Ein europaweit bisher einmaliges Gesetz erlaubt in Frankreich den Einsatz von Handy-Störsendern in Theatern und Konzertsälen. Die Franzosen begrüßen die neue Regelung, die voraussichtlich im Sommer in Kraft tritt. Ein nachahmenswertes Beispiel...

85 Prozent der Franzosen erklärten sich einer Umfrage zufolge mit dem Einsatz von Anti-Handy-Wellen einverstanden - sogar die Telefonbesitzer haben zu 84 Prozent keine Einwände. Nur die Mobilfunkbetreiber laufen gegen das Gesetz Sturm. In Frankreich gibt es derzeit mehr als 37 Millionen Mobiltelefone; Ende vergangenen Jahres waren es erstmals mehr als Festnetzanschlüsse.

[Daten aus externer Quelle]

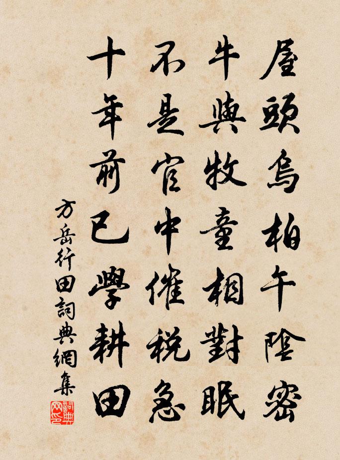 詩詞名句歷史字典書法欣賞書法字典國語詞典說文解字康熙字典古漢語字典標 題 作 者 詩 句 行田作者:方岳 朝代:宋代行田原文屋頭烏柏午陰密,牛與牧童相對眠。不是官中催稅急,十年前已學耕田。詩詞問答問:行田的作者是誰?答:方岳問:行田寫於哪個朝代?答:宋代方岳行田書法欣賞行田書法作品詩詞推薦讀《陰符經》寄鹿門子陸龜蒙〔唐代〕清晨整冠坐,朗詠三百言。備識天地意,獻詞犯乾坤。何事不隱德,降靈生軒轅。口銜造化斧,鑿破機關門。五賊秋夜獨醉戲歸陸游〔宋代〕弊袍羸馬遍天涯,恰似伶優著處家。社瓮嫩醅初泛蟻,寒缸殘燼自成花。幽窗照影烏巾折,醉手題詩淡墨斜。莫恨題三高祠楊友夔〔宋代〕長橋度已盡,有亭枕江湄。常時閉共門,為問居者誰。范蠡其明哲,功成學鴟珍。煙波五湖上,風月一西施。張翰有感姜特立〔宋代〕巍峨廈屋起千間,便作朝廷第一官。幾個得歸仍得老,可憐一世不曾閒。即事劉應時〔宋代〕暖雲芳草媚晴川,花正嬌春柳欲眠。老景侵尋生事拙,舊巢歸燕自相憐。任復齋池中有瑞蓮命予賦之黃庚〔宋代〕芙蕖開處傍池亭,花結雙頭媚晚晴。兩隗駢肩如欲語,二喬並首似含情。同心淨植真奇種,聯蒂騰芳以瑞名。若使送孔周之南海謁王尚書楊衡〔唐代〕泛棹若流萍,桂寒山更青。望雲生碧落,看日下滄溟。潮盡收珠母,沙閒拾翠翎。自趨龍戟下,再為誦芳馨。應劉豫章別詩江淹〔南北朝〕清塵播嶠岫。遠□被修□。□□□□代。高行乃厲天。俗態擥明懋。散□□才賢。裂□□□□。分□□堯甸。於時昌原懷古林景熙〔宋代〕牛頭一星化為石,千仞稜層垂鐵脊。隆隆隱隱佳氣藏,列峰環拱效圭璧。玉棺何代埋雲根,三朝萬乘子復孫。典冊端午帖子皇帝合六首歐陽修〔宋代〕彩索盤中結,楊梅棕里紅。宮闈九重樂,風俗萬方同。邵湘母輓詩朱長文〔唐代〕華屋辭榮養,佳城合舊封,浮生無定相,眾善有遺蹤。家盛金籯在,山長玉案重。浮圖傳勝事,寶殿壯天峰。采菱曲曹勛〔宋代〕修渚通阿閣,蘭舟飾翠旗。吳姬年十五,乘舟 * 池。菱花羞寶靨,皓腕發斜暉。行歌櫂船去,不覺白鷗飛。寄呂英父劉過〔宋代〕清時蕭散坐才疏,收拾窮愁卻著事。詩笑有神通夢寐,丰標不俗更清癯。黃花細雨圖江路,落日西風處士廬。抖擻雜曲歌辭。千秋樂張祜〔唐代〕八月平時花萼樓,萬方同樂奏千秋。傾城人看長竿出,一伎初成妙解愁。萬空歌悟空〔明代〕天也空,地也空,人生渺渺在其中。日也空,月也空,東升西落為誰功?金也空,銀也空,死後何曾在手中!妻也南鄉子(寧都登樓)楊 * 〔宋代〕乘月上高樓。一片清光浩莫收。簾卷好風知客意,颼颼。山自縱橫水自流。卻繞古城頭。塵事匆匆得少休。遙送征送周伯壽赴省二首項安世〔宋代〕陳薛非卿監,趙羅真吏兵。殿中尤給事,館下范先生。六士書難作,千懷子代傾。蒼生底時卿,切莫話歸耕。清明北園泛池舟中作韓維〔宋代〕路繞高林盡,舟篷出近灣。鳥啼青竹影,人對綠波間。野色平當坐,春愁巧作顏。已知湖榭近,飛絮落班班。宮詞宋白〔宋代〕宮棋初罷請銀笙,合曲偏宜鈿面箏。未伏延年花下唱,金錢百萬賞新聲。秋霽白居易〔唐代〕金火不相待,炎涼雨中變。林晴有殘蟬,巢冷無留燕。沉吟卷長簟,惻愴收團扇。向夕稍無泥,閒步青苔院。月出名句推薦政之於民,過急則 刻薄,傷緩則弛慢。令狐德棻《周書·列傳·卷四十五》 黃河曲里沙為岸,白馬津邊柳向城。高適《夜別韋司士》 不用思量今古,俯仰昔人非。蘇軾《八聲甘州·寄參寥子》 酒闌更喜團茶苦,夢斷偏宜瑞腦香。李清照《鷓鴣天·寒日蕭蕭上瑣窗》 酌酒與君君自寬,人情翻覆似波瀾。王維《酌酒與裴迪》 玉人初上木蘭時。懶妝斜立澹春姿。吳文英《浣溪沙·題李中齋舟中梅屏》 寒英坐銷落,何用慰遠客。柳宗元《早梅》 獨在異鄉為異客,每逢佳節倍思親。王維《九月九日憶山東兄弟 / 九月九憶山東兄弟》 一生傲岸苦不諧,恩疏媒勞志多乖。李白《答王十二寒夜獨酌有懷》 數叢沙草群鷗散,萬頃江田一鷺飛。溫庭筠《利州南渡》

Ob das wieder nur eine Extra-Tour der eigenwilligen Franzosen ist, die sich sogar per Gesetztentwurf gegen jegliche angloamerikanische Einflüsse auf ihre Sprache gewehrt haben, sei dahin gestellt. Aber womöglich ist die Idee, piependen und wimmernden Handys während Konzert-, Theater oder Kinoveranstaltungen zumindest akkustisch den Garaus zu machen, gar keine schlechte Idee? Trotz Zeitgeist und allgemeiner Akzeptanz von mobilen Geräten nervt doch kaum etwas mehr, als Handygebimmel und trivialen Gesprächen in unmöglichen Situationen und an unpassenden Orten beiwohnen zu müssen. Kinovorstellungen oder eine zunächst entspannte Zugfahrt werden dann ein Angang.

Da schließt sich gleich die Frage an, ob man das Gesetz nicht ausweiten sollte? Fiepende Handys während einer Hochzeitszeremonie oder schlimmstenfalls einer Trauerfeier sind unnötig und geschmacklos. Also muss der Handy-Störsender auch hier eingesetzt werden, oder? Andererseits wer soll das entscheiden, und wie weit darf man gehen? Sinnvoller wäre es doch, alle Nutzer davon zu überzeugen, dass sie ihr Handy bei Veranstaltungen jedweder Art vorher aus- und dafür ihre Mailbox einschalten.